* _RECORDED INFORMATION_

§ §

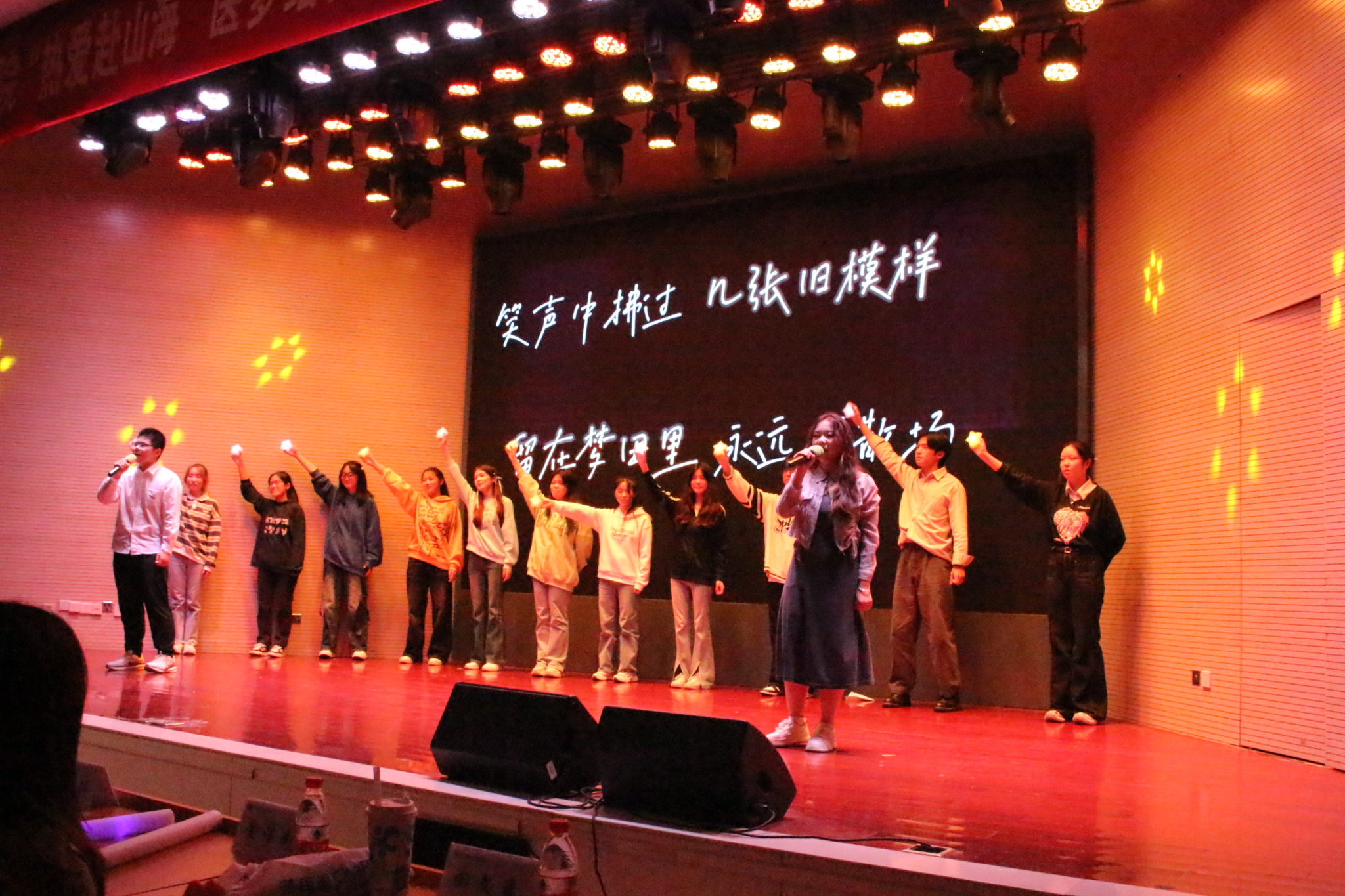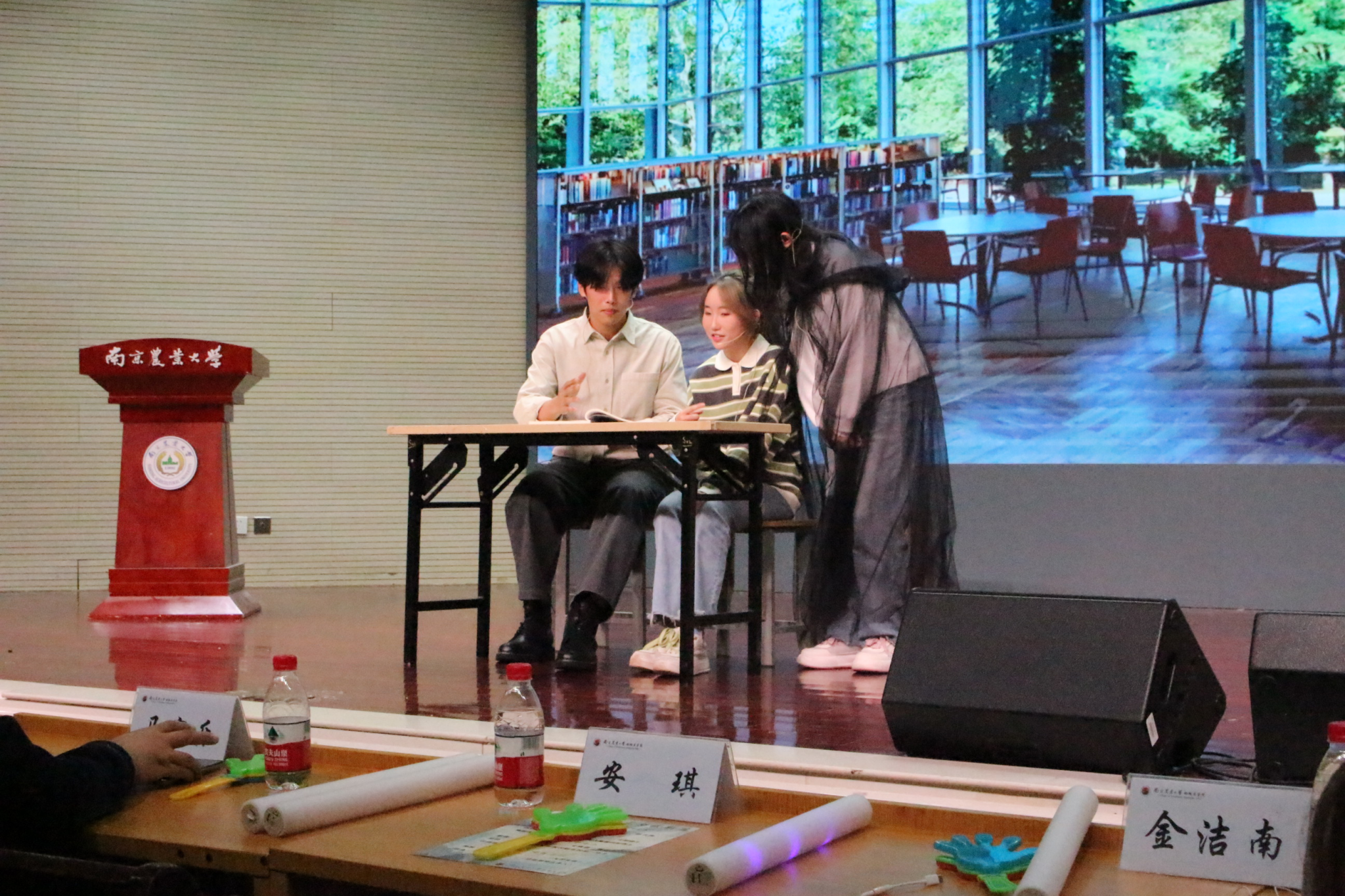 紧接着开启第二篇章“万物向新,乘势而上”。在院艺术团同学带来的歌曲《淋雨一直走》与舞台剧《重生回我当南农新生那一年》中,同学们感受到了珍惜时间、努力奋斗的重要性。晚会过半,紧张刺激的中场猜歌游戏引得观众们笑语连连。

§ §

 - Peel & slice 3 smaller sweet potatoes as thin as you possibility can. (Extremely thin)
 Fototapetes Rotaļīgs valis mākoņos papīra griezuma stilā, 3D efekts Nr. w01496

§ §

* _ASSIGNMENT_
Restate word for word the entries above from the line with "- Peel & slice" through the line with "Fototapetes Rotaļīgs valis", inclusive, leaving out everything else.

* _SOLUTION TO THIS PROBLEM_
 - Peel & slice 3 smaller sweet potatoes as thin as you possibility can. (Extremely thin)
 Fototapetes Rotaļīgs valis mākoņos papīra griezuma stilā, 3D efekts Nr. w01496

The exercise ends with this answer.